Exercise directions:
Please output every entry below exactly as written, leaving out any pictures.

[Dataset records]
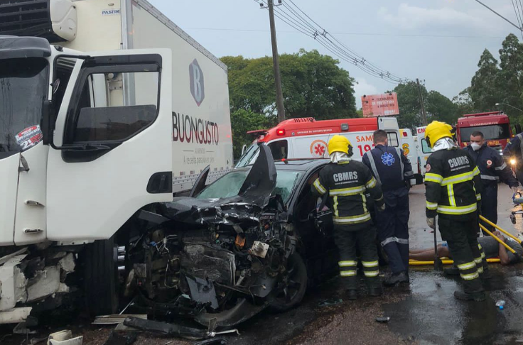 Segundo as equipes de socorro, chovia muito no momento do acidente, e os feridos, dois homens e duas mulheres, foram encaminhados para atendimento no Hospital Dom João Becker.
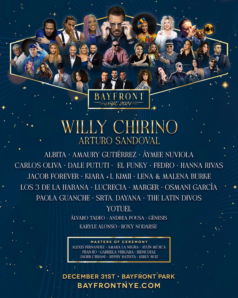 Este año más de 30 artistas subirán al escenario para cantar sus éxitos y terminar el año al más puro estilo Miami. La celebración de Año Nuevo contará con actuaciones principales de artistas con ventas de platino e íconos ganadores de GRAMMY® y Latin GRAMMY®, Willy Chirino y Arturo Sandoval, y acompañados por una impresionante lista de artistas que incluyen a Albita, Álvaro Tadeo, Amaury Gutiérrez, Andrea Pousa, Aymée Nuviola, Carlos Oliva, Dale Pututi, El Funky, Fedro, Génesis, Hanna, Jacob Forever, Karyle Alonso, Kiara, Lena & Malena Burke, Los 3 De La Habana, Lucrecia, Marger, Osmani García, Paola Guanche, Roxy Nodarse, L Kimii, Srta. Se esperan Dayana, The Latin Divos, Willy Soriano y Yotuel, entre otros invitados especiales.
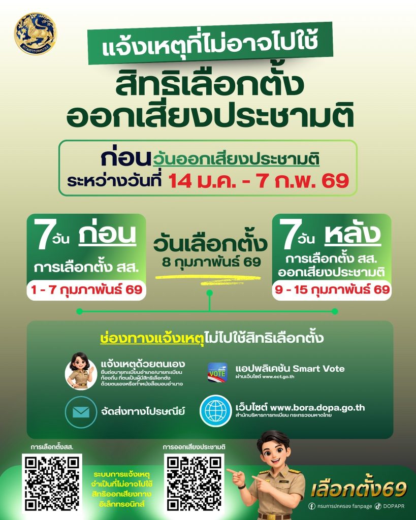 #กรมการปกครอง #เลือกตั้งล่วงหน้านอกเขต #แจ้งเหตุไม่ไปใช้สิทธิ #เลือกตั้ง2569 #เลือกตั้ง69 #Election69
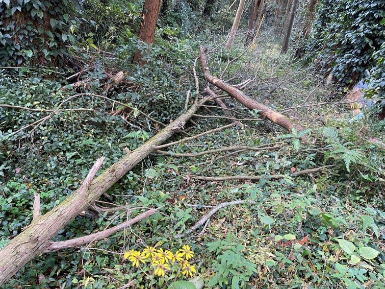 ↑伐倒したヒノキ。石蕗の花。
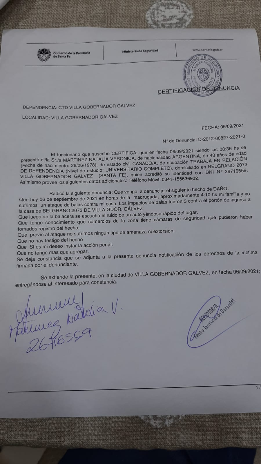 Violencia en Villa Gobernador Gálvez: balearon la casa de una concejala del Frente de Todos
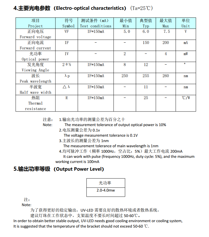 注:部分常规灯珠规格型号不同光功率可能不同,可以根据实际需求选择相应规格型号,详细规格书及样品参数
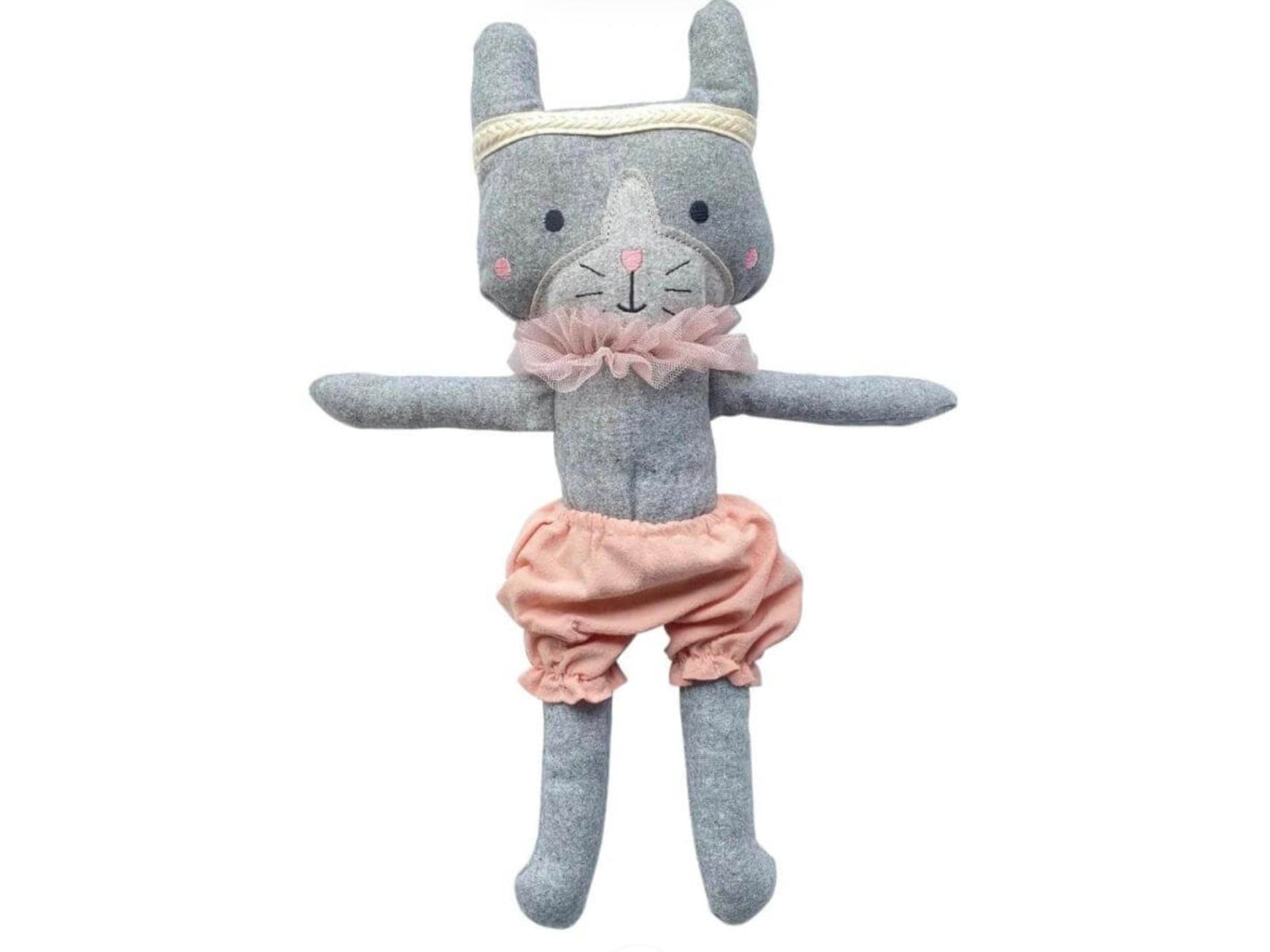 Made with the softest wool blend fabric. Polly wears pink shorts and has a sheer pink netting neck band with a wool headband along with pink stick he’d cheeks annd nose.
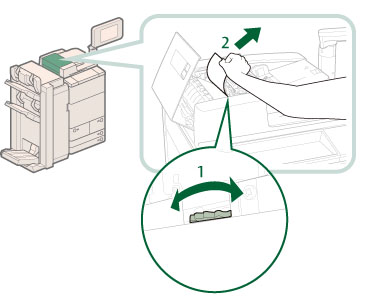 原稿を取り除きにくい場合は、フィーダーを閉じて、フィーダーカバー、中カバーを開いたあと、手順4を行ってください。
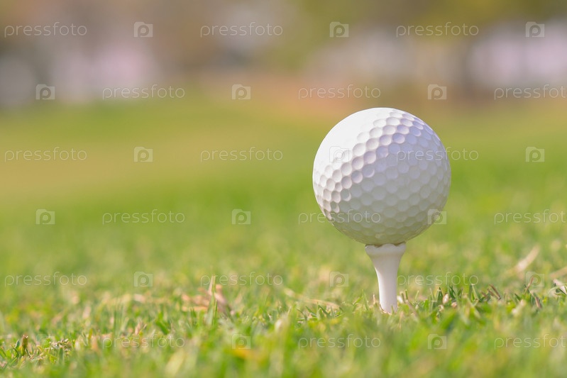 Крупный план белого мяча для гольфа на поле
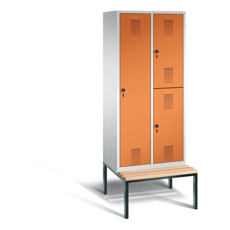 Stahl-Garderobenschrank Evolo, als Kombinationsschrank, 2 Abteile, Abteilbreite 400 mm, rechtes Abteil mit 2 Fächern, Korpus aus stabiler Stahlkonstruktion mit hochwertiger Einbrennbeschichtung für hohe UV- und Korrosionsbeständigkeit, linkes Abteil innen mit 1 Ablageboden, darunter 1 stabile Garderobenstange aus Ovalprofil mit 3 verdrehsicheren Schiebehaken, rechtes Abteil innen je Fach 1 stabile Garderobenstange aus Ovalprofil mit 3 verdrehsicheren Schiebehaken, Schrankboden hinten mit großflächigem Luftdurchlass für optimale Luftzirkulation, auf untergebauter Sitzbank, Gestell aus stabilem Vierkant-Stahlrohr 30 x 30 mm, mit verstellbaren Bodengleitern für einfachen Niveauausgleich, 3 Drehriegel für Vorhängeschlösser, Türen mit Anschlagsdämpfer und geschlossenen Seitenprofilen für höchste Stabilität und Einbruchsicherheit, mit reinigungsfreundlichem Belüftungslochbild oben und unten sowie eingeprägtem Etikettenrahmen, Türaufhängung in Drehbolzen, 1 Sitzleisten aus Buche-Hartholz, im Profil ca. 60 x 30 mm, allseitig gehobelt, oben abgerundet für guten Sitzkomfort, klarlackiert mit naturgegebenen Farbunterschieden, Maße (H x B x T): 2090 x 810 x 815 mm, Korpus: RAL 7035 Lichtgrau, Türen Stahl: RAL 2000 Gelborange, Gestell: RAL 7021 Schwarzgrau
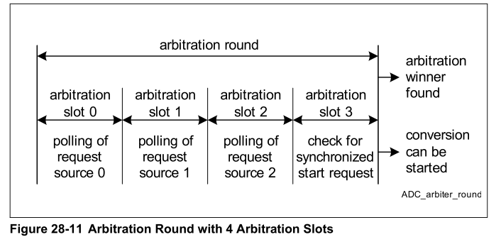 •最后一个仲裁槽:Synchronization source,来自另一个ADC内核的同步转换请求(总是在同步从内核中以最高优先级处理)
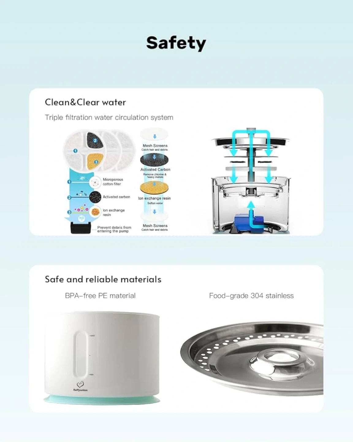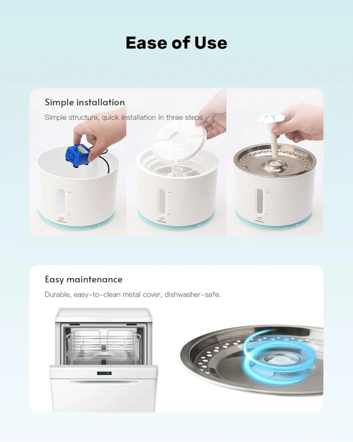 • Hassle-free: the pet fountain only takes a few minutes to set up. Disassembling for cleaning and maintenance is easy. BPA free cat fountain is safe for your pets. Call or email our customer support team in California if you have any questions.
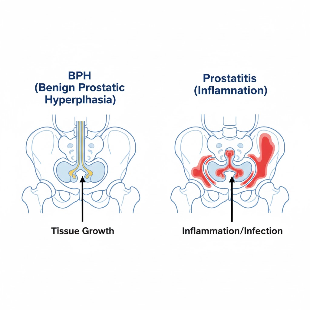 Think of it this way: BPH is like a slowly expanding sponge squeezing a water hose. Prostatitis is like that same hose being irritated, swollen, and painful from a chemical or infection.
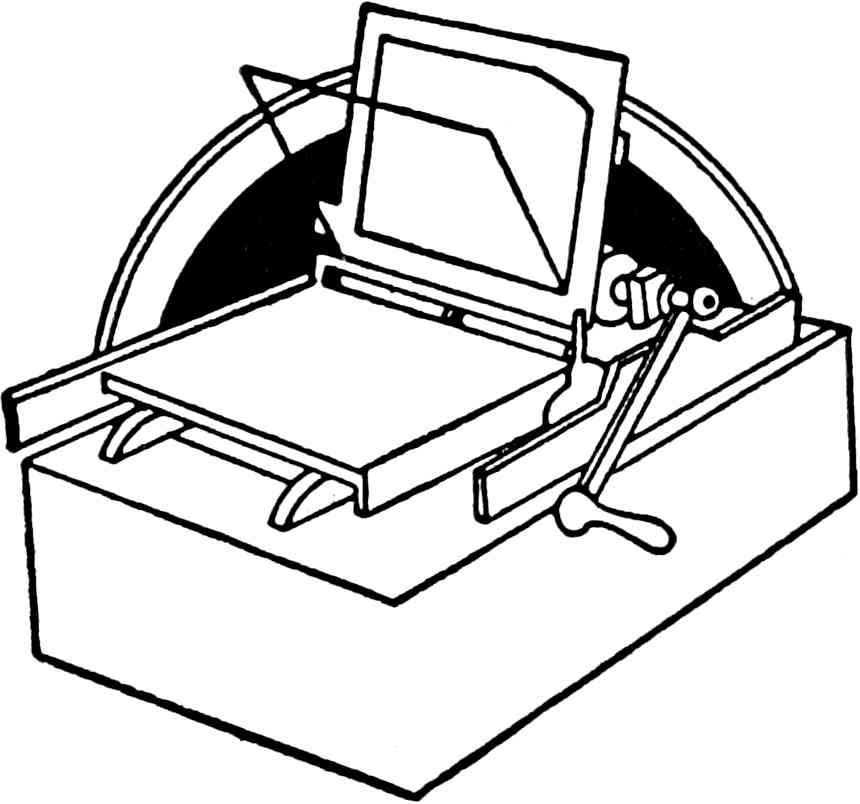 The manager of the type-foundry liked the looks of this youth who had such sound business qualities. He went with him through the salesroom and showed him the press and other material, and annotated what Harry selected for purchase. The press was of interest to the youth, as they had a cylinder press in the office where he had worked, while this army press looked scarcely too heavy to be tucked under the arm of a strong man to be carried in that manner. It consisted simply of an iron bed for the type-form to rest on, while by turning a crank at one side, the bed and form were moved from one end of the iron frame to the other, passing at the same time underneath an iron [24] cylinder about five inches in diameter, this making sufficient pressure on the paper placed on the type and held in place by a thin metal flange around the edges, called a friskit, to print the paper very nicely. The type first had to be inked by hand, so an ink-roller was necessary, and this was added to the list of material for the outfit.

Answer to this exercise:
 Segundo as equipes de socorro, chovia muito no momento do acidente, e os feridos, dois homens e duas mulheres, foram encaminhados para atendimento no Hospital Dom João Becker.
 Este año más de 30 artistas subirán al escenario para cantar sus éxitos y terminar el año al más puro estilo Miami. La celebración de Año Nuevo contará con actuaciones principales de artistas con ventas de platino e íconos ganadores de GRAMMY® y Latin GRAMMY®, Willy Chirino y Arturo Sandoval, y acompañados por una impresionante lista de artistas que incluyen a Albita, Álvaro Tadeo, Amaury Gutiérrez, Andrea Pousa, Aymée Nuviola, Carlos Oliva, Dale Pututi, El Funky, Fedro, Génesis, Hanna, Jacob Forever, Karyle Alonso, Kiara, Lena & Malena Burke, Los 3 De La Habana, Lucrecia, Marger, Osmani García, Paola Guanche, Roxy Nodarse, L Kimii, Srta. Se esperan Dayana, The Latin Divos, Willy Soriano y Yotuel, entre otros invitados especiales.
 #กรมการปกครอง #เลือกตั้งล่วงหน้านอกเขต #แจ้งเหตุไม่ไปใช้สิทธิ #เลือกตั้ง2569 #เลือกตั้ง69 #Election69
 ↑伐倒したヒノキ。石蕗の花。
 Violencia en Villa Gobernador Gálvez: balearon la casa de una concejala del Frente de Todos
 注:部分常规灯珠规格型号不同光功率可能不同,可以根据实际需求选择相应规格型号,详细规格书及样品参数
 Made with the softest wool blend fabric. Polly wears pink shorts and has a sheer pink netting neck band with a wool headband along with pink stick he’d cheeks annd nose.
 原稿を取り除きにくい場合は、フィーダーを閉じて、フィーダーカバー、中カバーを開いたあと、手順4を行ってください。
 Крупный план белого мяча для гольфа на поле
 Stahl-Garderobenschrank Evolo, als Kombinationsschrank, 2 Abteile, Abteilbreite 400 mm, rechtes Abteil mit 2 Fächern, Korpus aus stabiler Stahlkonstruktion mit hochwertiger Einbrennbeschichtung für hohe UV- und Korrosionsbeständigkeit, linkes Abteil innen mit 1 Ablageboden, darunter 1 stabile Garderobenstange aus Ovalprofil mit 3 verdrehsicheren Schiebehaken, rechtes Abteil innen je Fach 1 stabile Garderobenstange aus Ovalprofil mit 3 verdrehsicheren Schiebehaken, Schrankboden hinten mit großflächigem Luftdurchlass für optimale Luftzirkulation, auf untergebauter Sitzbank, Gestell aus stabilem Vierkant-Stahlrohr 30 x 30 mm, mit verstellbaren Bodengleitern für einfachen Niveauausgleich, 3 Drehriegel für Vorhängeschlösser, Türen mit Anschlagsdämpfer und geschlossenen Seitenprofilen für höchste Stabilität und Einbruchsicherheit, mit reinigungsfreundlichem Belüftungslochbild oben und unten sowie eingeprägtem Etikettenrahmen, Türaufhängung in Drehbolzen, 1 Sitzleisten aus Buche-Hartholz, im Profil ca. 60 x 30 mm, allseitig gehobelt, oben abgerundet für guten Sitzkomfort, klarlackiert mit naturgegebenen Farbunterschieden, Maße (H x B x T): 2090 x 810 x 815 mm, Korpus: RAL 7035 Lichtgrau, Türen Stahl: RAL 2000 Gelborange, Gestell: RAL 7021 Schwarzgrau
 •最后一个仲裁槽:Synchronization source,来自另一个ADC内核的同步转换请求(总是在同步从内核中以最高优先级处理)
 • Hassle-free: the pet fountain only takes a few minutes to set up. Disassembling for cleaning and maintenance is easy. BPA free cat fountain is safe for your pets. Call or email our customer support team in California if you have any questions.
 Think of it this way: BPH is like a slowly expanding sponge squeezing a water hose. Prostatitis is like that same hose being irritated, swollen, and painful from a chemical or infection.
 The manager of the type-foundry liked the looks of this youth who had such sound business qualities. He went with him through the salesroom and showed him the press and other material, and annotated what Harry selected for purchase. The press was of interest to the youth, as they had a cylinder press in the office where he had worked, while this army press looked scarcely too heavy to be tucked under the arm of a strong man to be carried in that manner. It consisted simply of an iron bed for the type-form to rest on, while by turning a crank at one side, the bed and form were moved from one end of the iron frame to the other, passing at the same time underneath an iron [24] cylinder about five inches in diameter, this making sufficient pressure on the paper placed on the type and held in place by a thin metal flange around the edges, called a friskit, to print the paper very nicely. The type first had to be inked by hand, so an ink-roller was necessary, and this was added to the list of material for the outfit.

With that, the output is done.